| Work order |
Your copy begins at the line with "iPhone14机にぶつけてしまい画面が赤と緑になってしまったと" and runs through the end of the data below. Set down only those lines exactly, without pictures.

| Collected material |
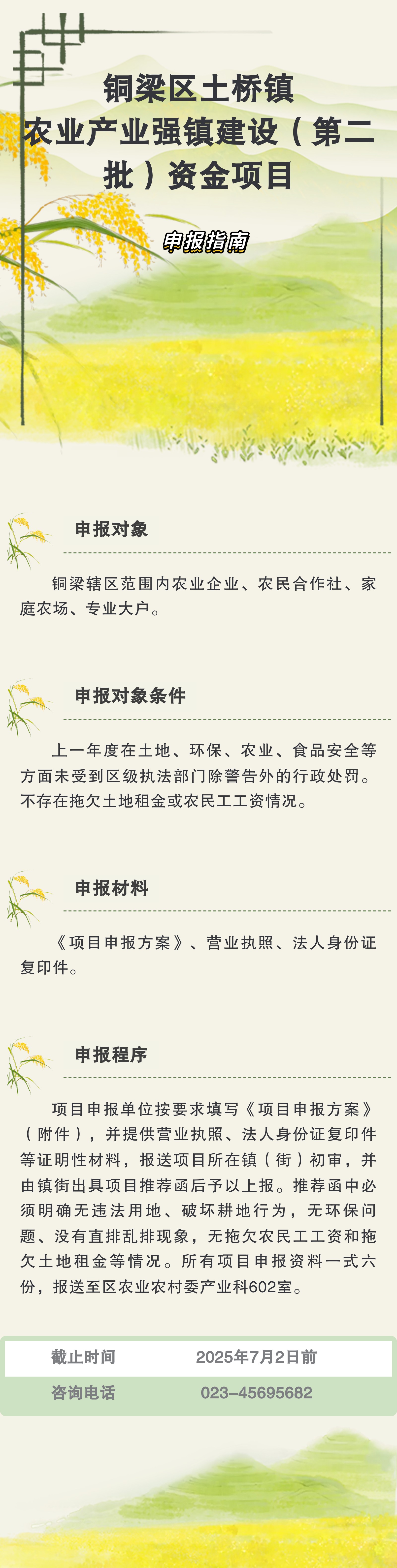 铜梁区土桥镇农业产业强镇建设(第二批)资金项目申报指南
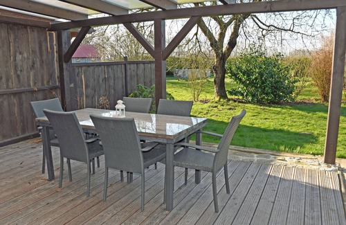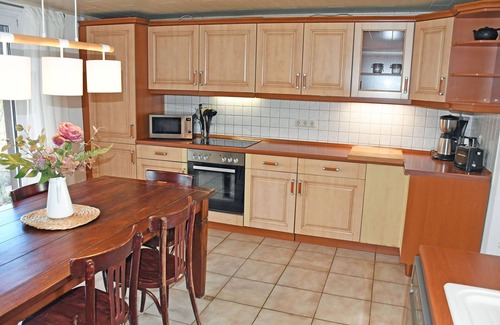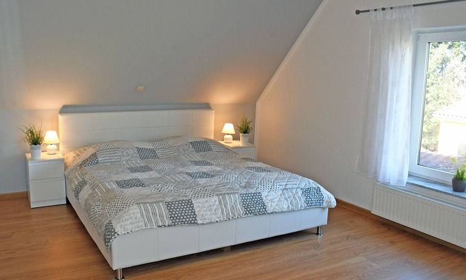 Our spacious apartment Kornblume offers on about 100 square meters, a total of 5 adults and 1 child up to 7 years, enough space for a relaxing holiday. On the ground floor is a large entrance area as well as a separate kitchen. The kitchen has a stove, oven, microwave, extractor, dishwasher and a dining table with seating and all accessories. In the upper section you will find a corridor with reading corner. The combined living room / bedroom is equipped with a comfortable double bed, bedside cabinets, reading lamps, a couch, a couttop table and a TV - flat - unit with DVD. There is also a children's bed bor child up to 7 years (70 x 140 cm). The second bedroom also has a double bed, nightstands, reading lamps and a wardrobe. In an additional bedroom can be provided an extra bed for a 5 guest. The bathroom is equipped with shower, vanity and toilet and has natural light. When you arrive, the beds are self-contained with bed linen (for bookings up to 4 nights for a surcharge of 5 euros per guest), towels please bring your own. This apartment has a large terrace with garden furniture and barbecue facilities. Here you can relax your holiday with a glass of wine.
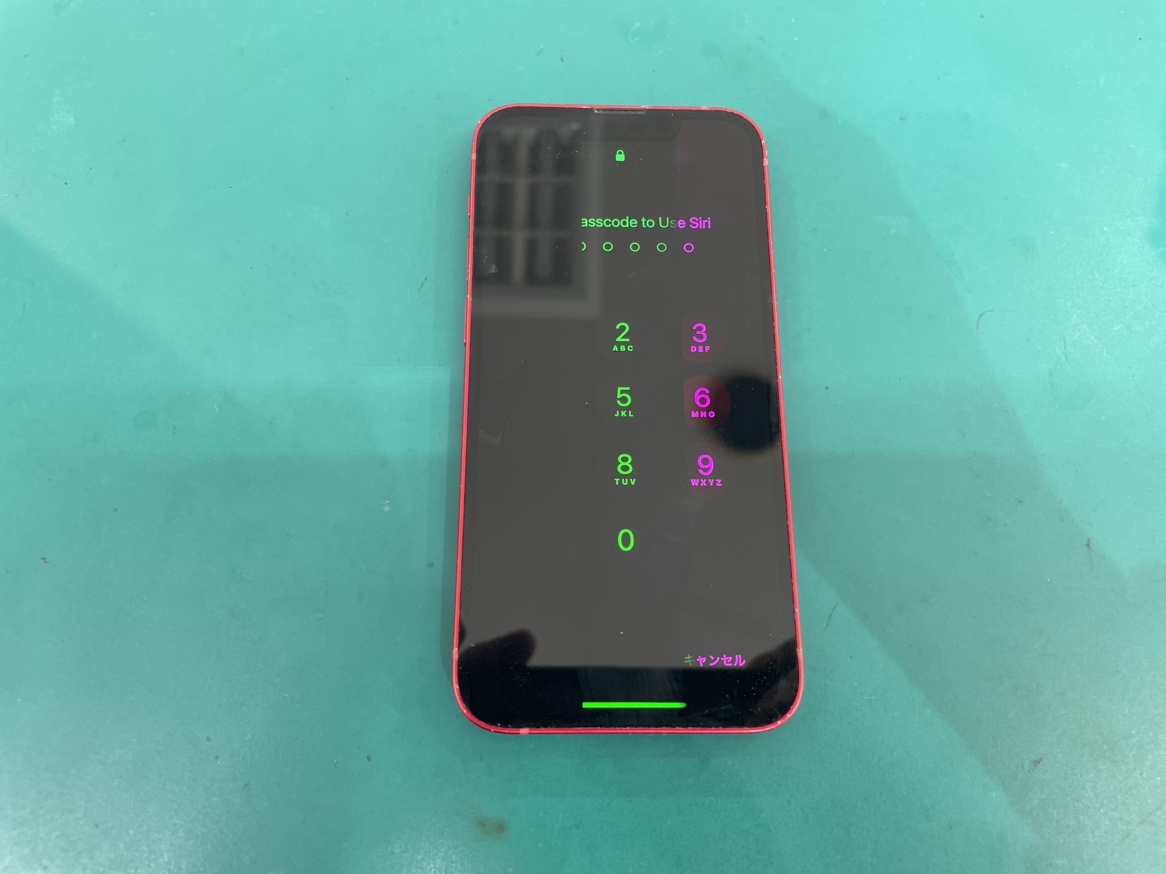 iPhone14机にぶつけてしまい画面が赤と緑になってしまったと
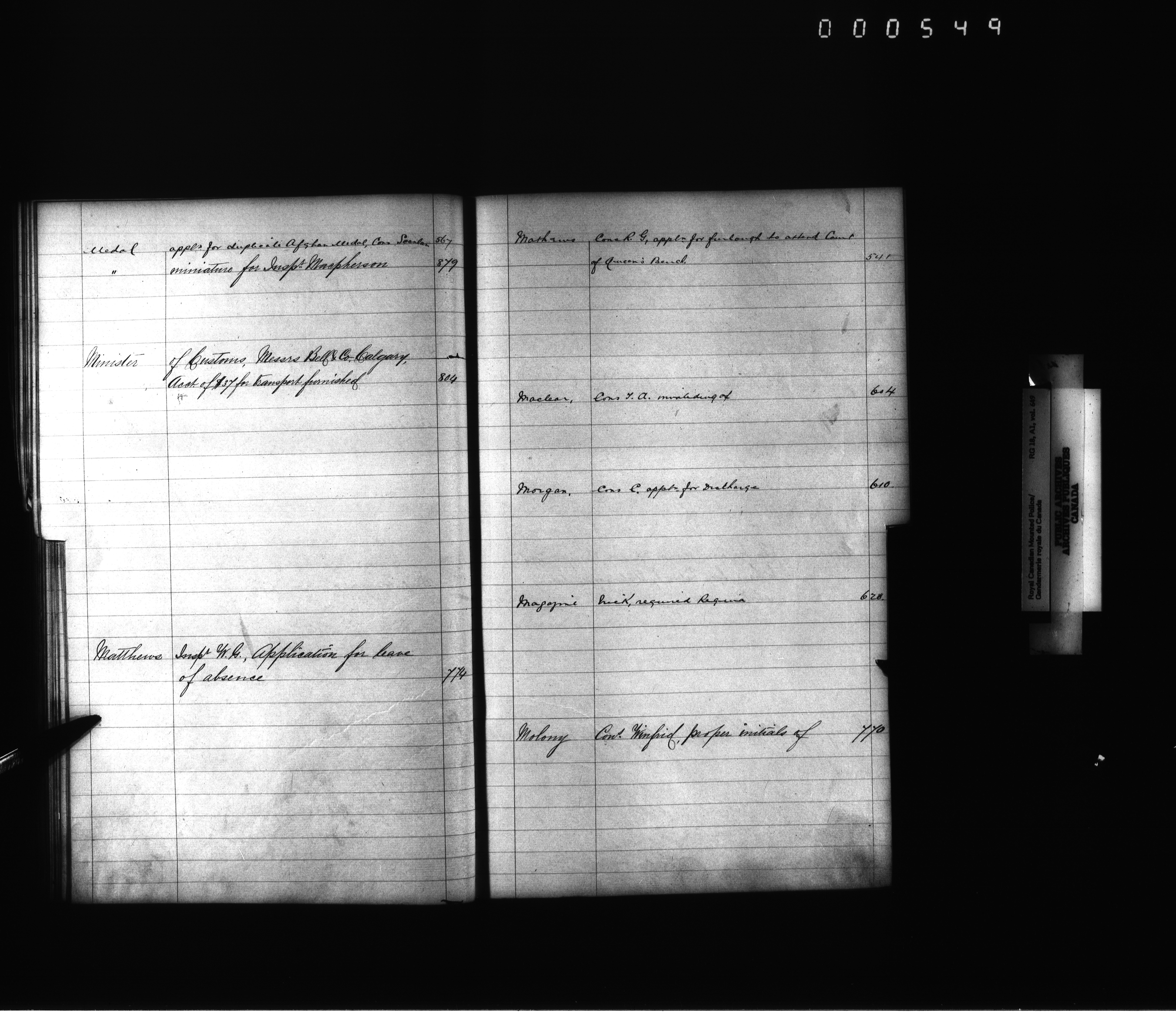 Royal Canadian Mounted Police, Office of the Comptroller, official correspondence : Indexes and registers - 4419

| Written reply |
 iPhone14机にぶつけてしまい画面が赤と緑になってしまったと
 Royal Canadian Mounted Police, Office of the Comptroller, official correspondence : Indexes and registers - 4419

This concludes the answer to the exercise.